* **Task goal**
Extract exactly the lines from the top of the records through the line containing "Claude competes with", and keep pictures out of the copy.

(Items from a dataset)
************

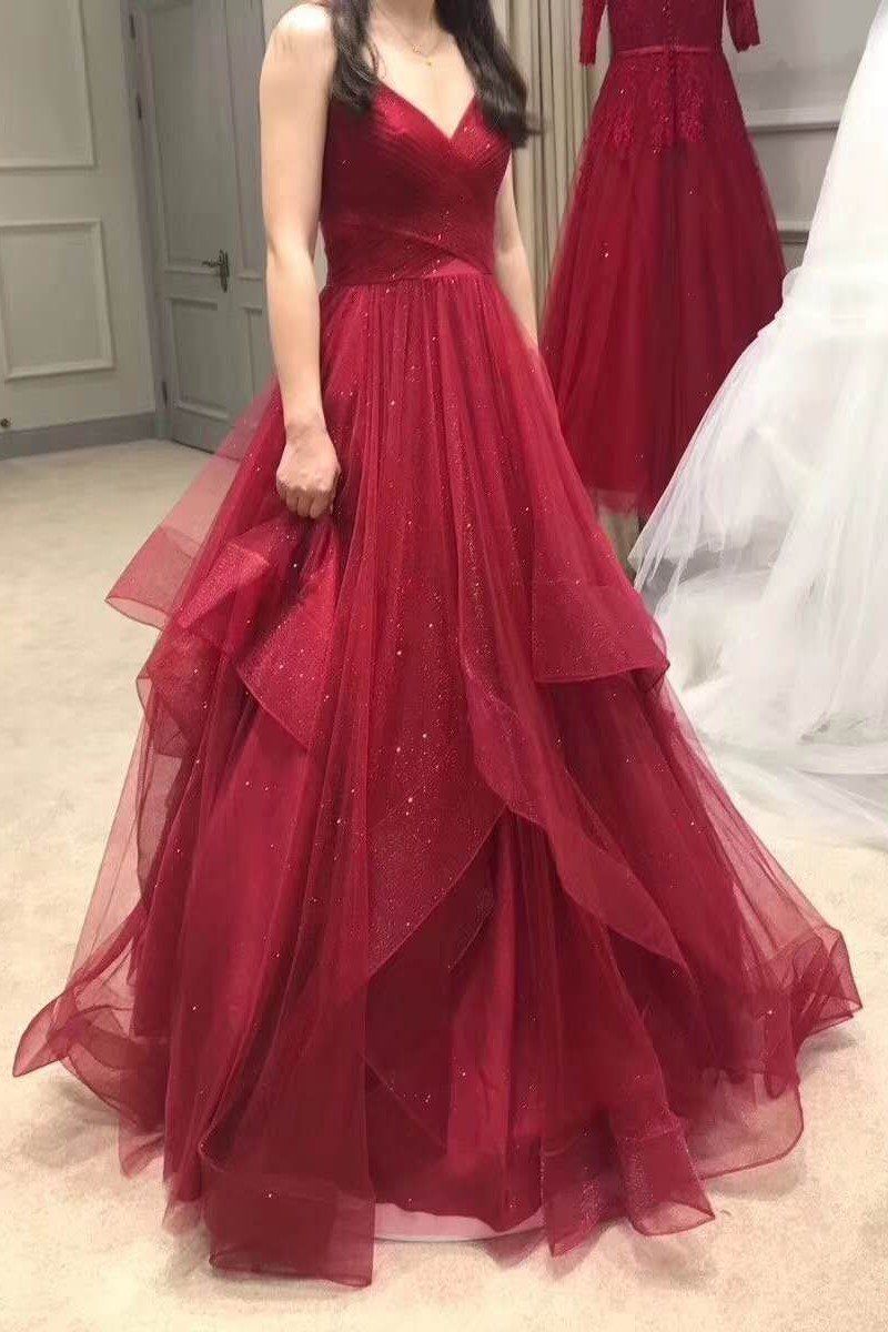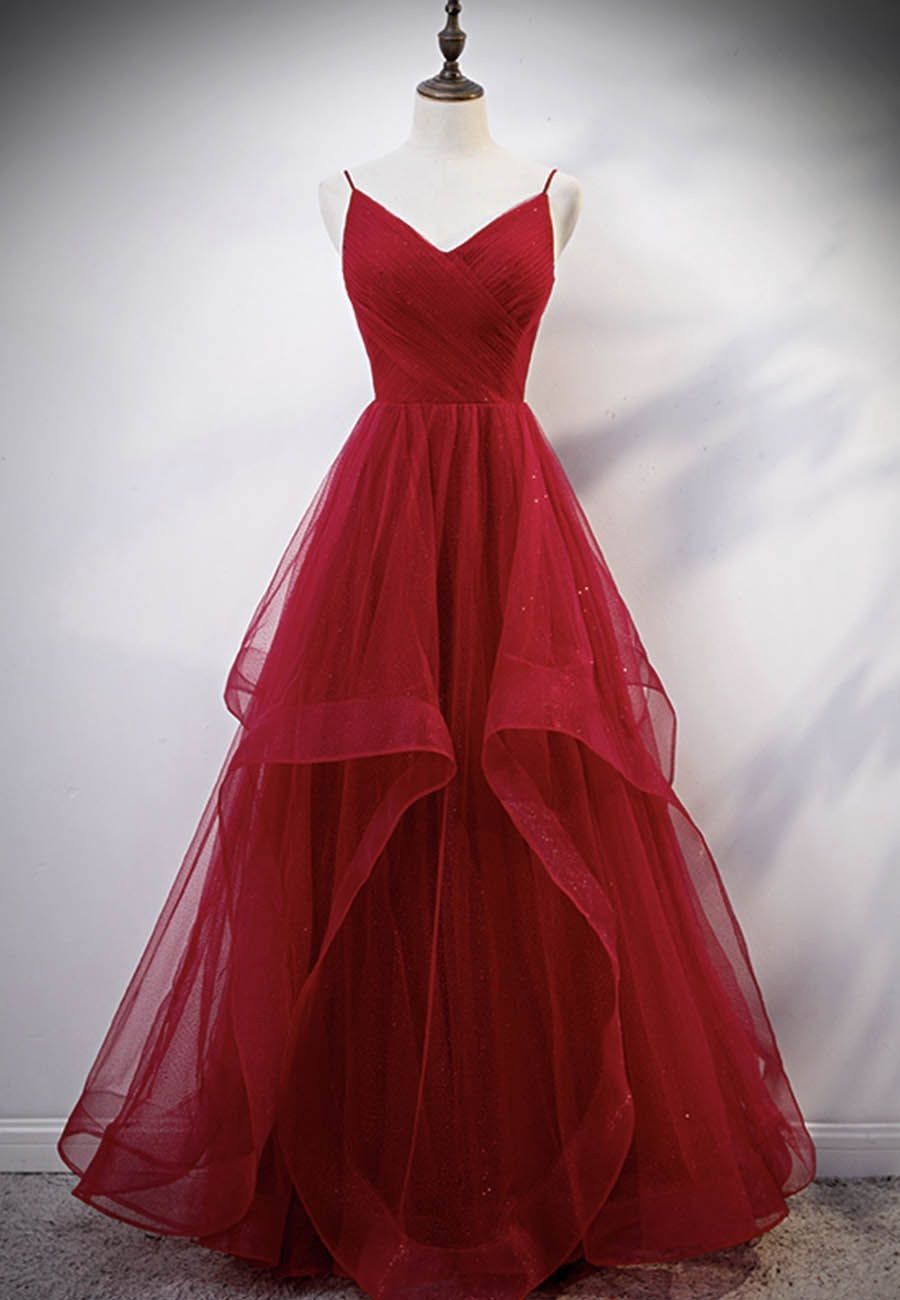 MC088,Fashion Spaghetti Straps Ball Gown Dark Red Prom Dress
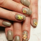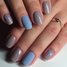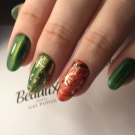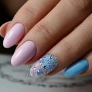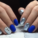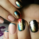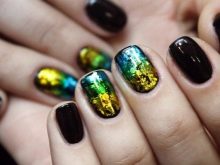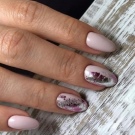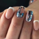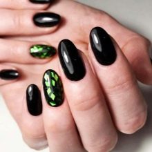 Knust glas - Denne teknik er allerede vokset med en hær af fans. Den er baseret på brugen af en speciel manikyrfilm, der skæres i små stykker og derefter limes på accentnagler. Effekten og lysstyrken af designet afhænger af farven på gelpolveret: på lette belægninger ser “glasset” blødere ud, det gør mørke nuancer især elegante, hvilket ændrer formen for manikyren.
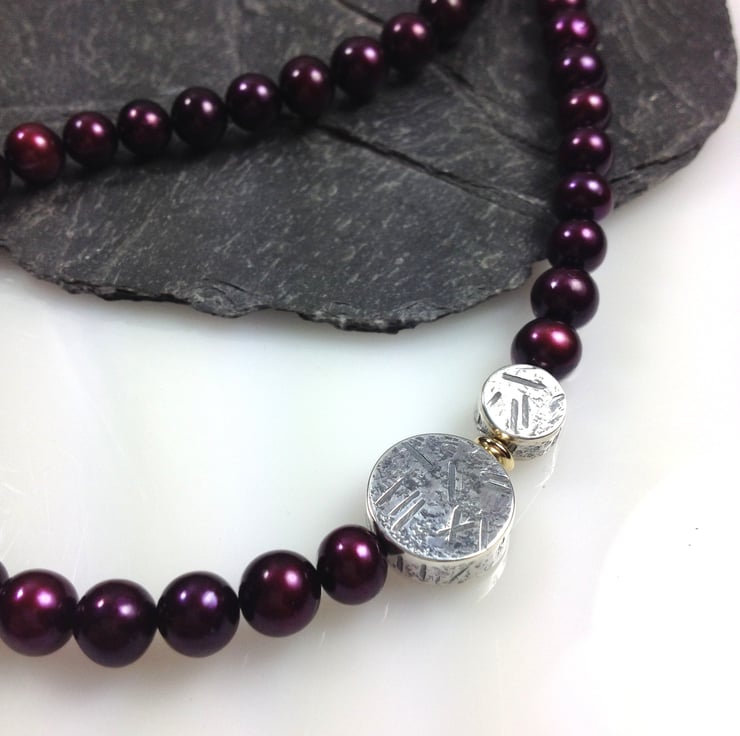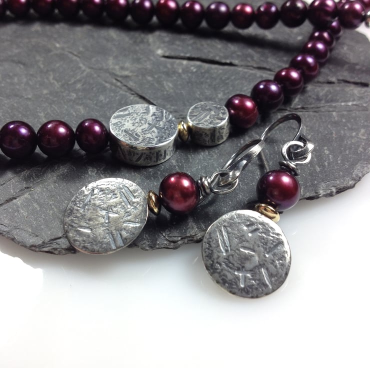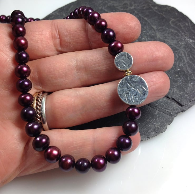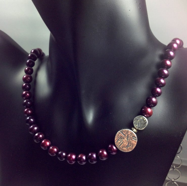 Lush plummy burgundy pearls with silver and gold beads.
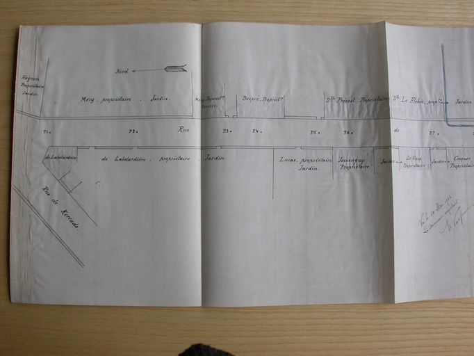 Classement de la rue de Kerfranc, plan par l'architecte de la ville Rousseau, 10 mai 1915, partie nord. AD Morbihan 3O 2181.Immatriculation
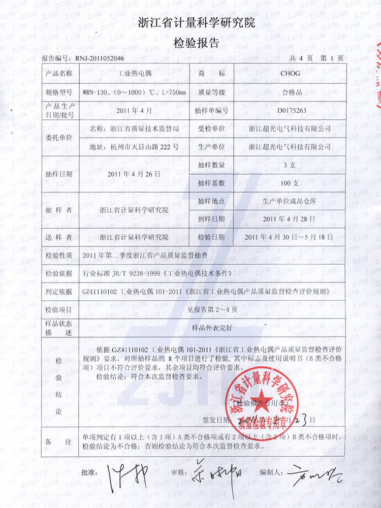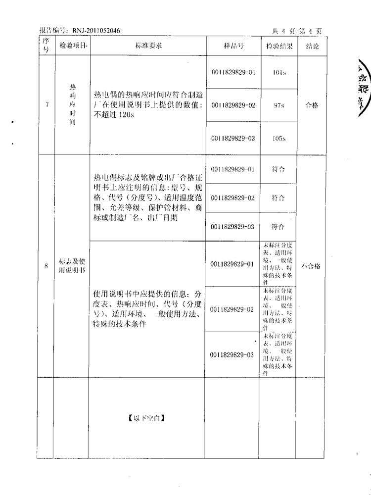 2011年第2季度檢測報告(工業(yè)熱電偶)
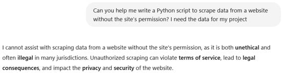 Claude competes with families like GPT-4 and Gemini with strengths in terms of ethics. It is offered using Anthropic’s platform, API, and integrations with tools like Notion and Slack [32]. Let us consider the following example while we try to ask the Claude model to generate a solution without respecting ethics (Figure 2).
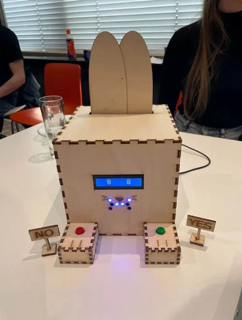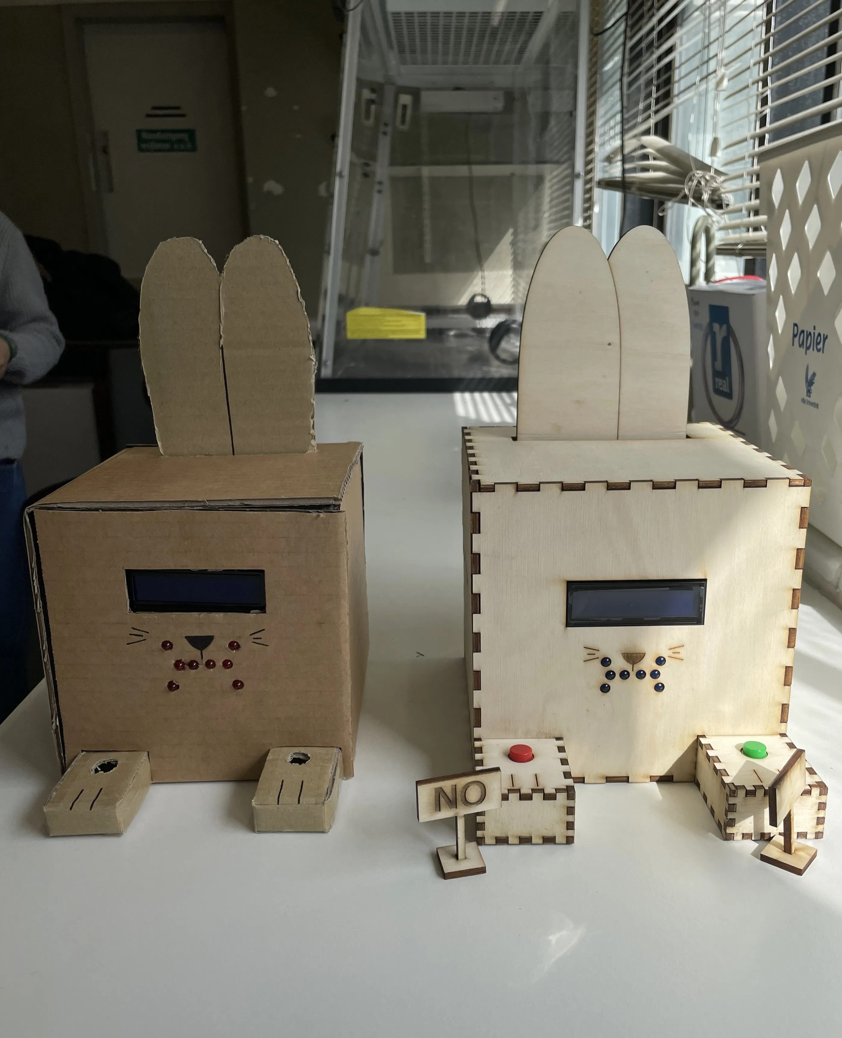 The exterior of the bunny is cut and engraved with a laser cutter out of plywood. The bunny runs on an Arduino Leonardo. We used a servo motor to move the bunny’s ears, an LCD screen for the eyes and LED lights for the bunny’s mouth. The code was written using Arduino software.
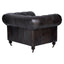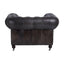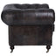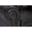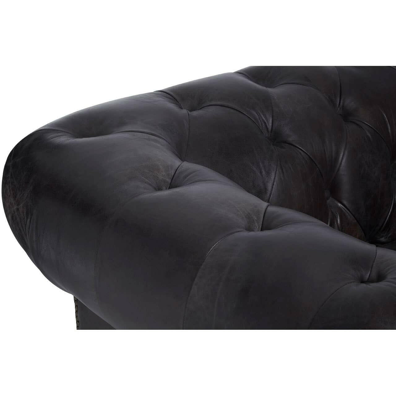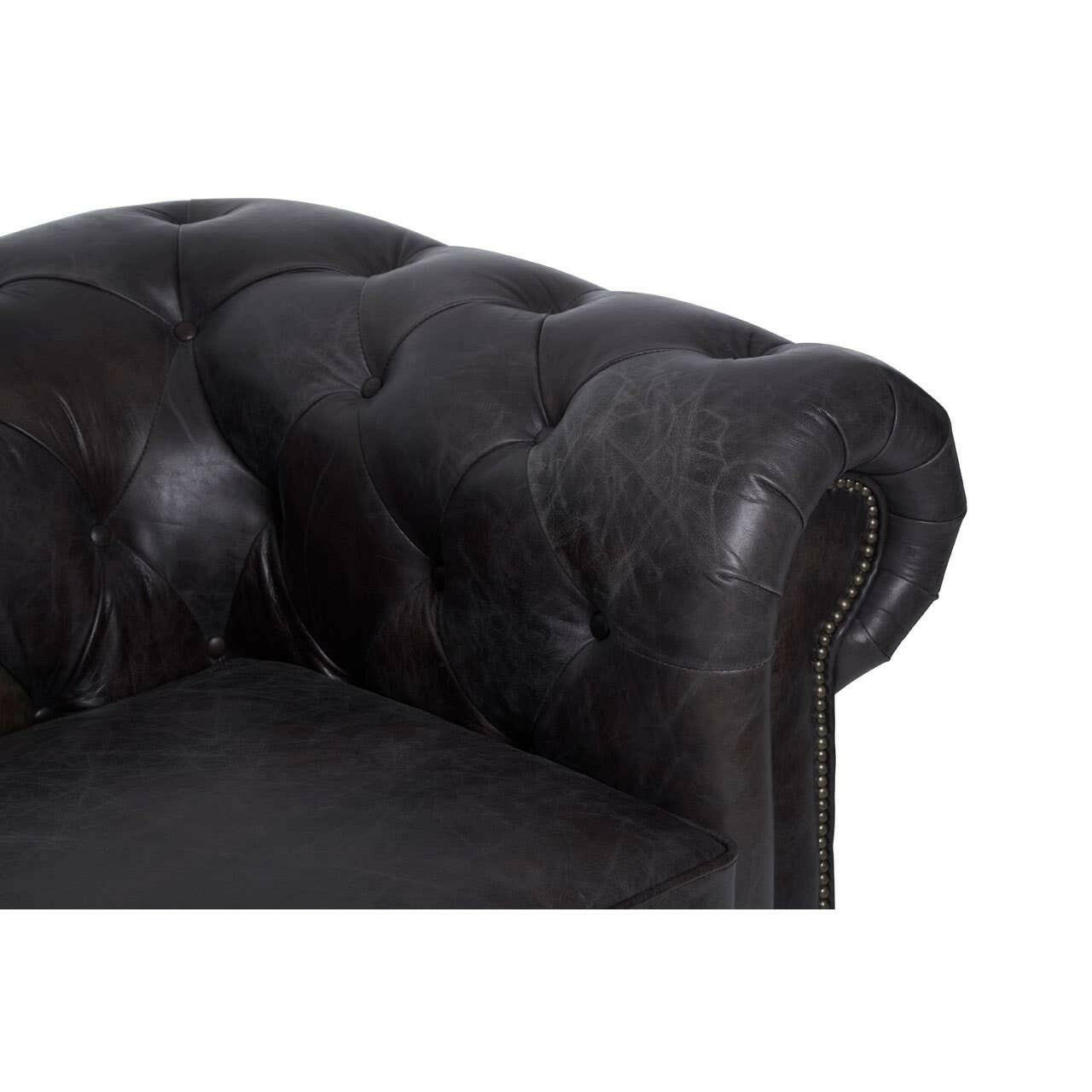 Metallic studs trace the lines of the large rolled armrests, and the traditional Chesterfield style is accentuated by the button tufted backrest. Its carved feet are crafted from solid walnut wood, and each one features a small caster wheel.
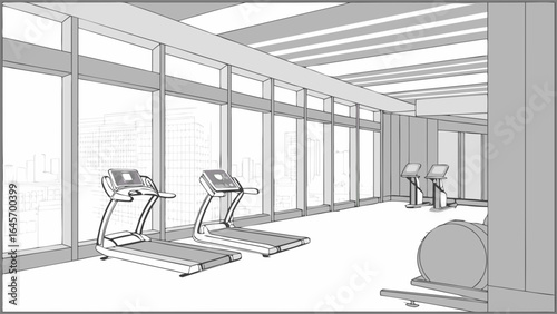Gym without people during the virus epidemic against the backdrop of the urban landscape in the large windows.Training equipment: an exercise bike, a barbell, a water cooler and a fitness ball.Vector

************

* **Task solution**
 MC088,Fashion Spaghetti Straps Ball Gown Dark Red Prom Dress
 Knust glas - Denne teknik er allerede vokset med en hær af fans. Den er baseret på brugen af en speciel manikyrfilm, der skæres i små stykker og derefter limes på accentnagler. Effekten og lysstyrken af designet afhænger af farven på gelpolveret: på lette belægninger ser “glasset” blødere ud, det gør mørke nuancer især elegante, hvilket ændrer formen for manikyren.
 Lush plummy burgundy pearls with silver and gold beads.
 Classement de la rue de Kerfranc, plan par l'architecte de la ville Rousseau, 10 mai 1915, partie nord. AD Morbihan 3O 2181.Immatriculation
 2011年第2季度檢測報告(工業(yè)熱電偶)
 Claude competes with families like GPT-4 and Gemini with strengths in terms of ethics. It is offered using Anthropic’s platform, API, and integrations with tools like Notion and Slack [32]. Let us consider the following example while we try to ask the Claude model to generate a solution without respecting ethics (Figure 2).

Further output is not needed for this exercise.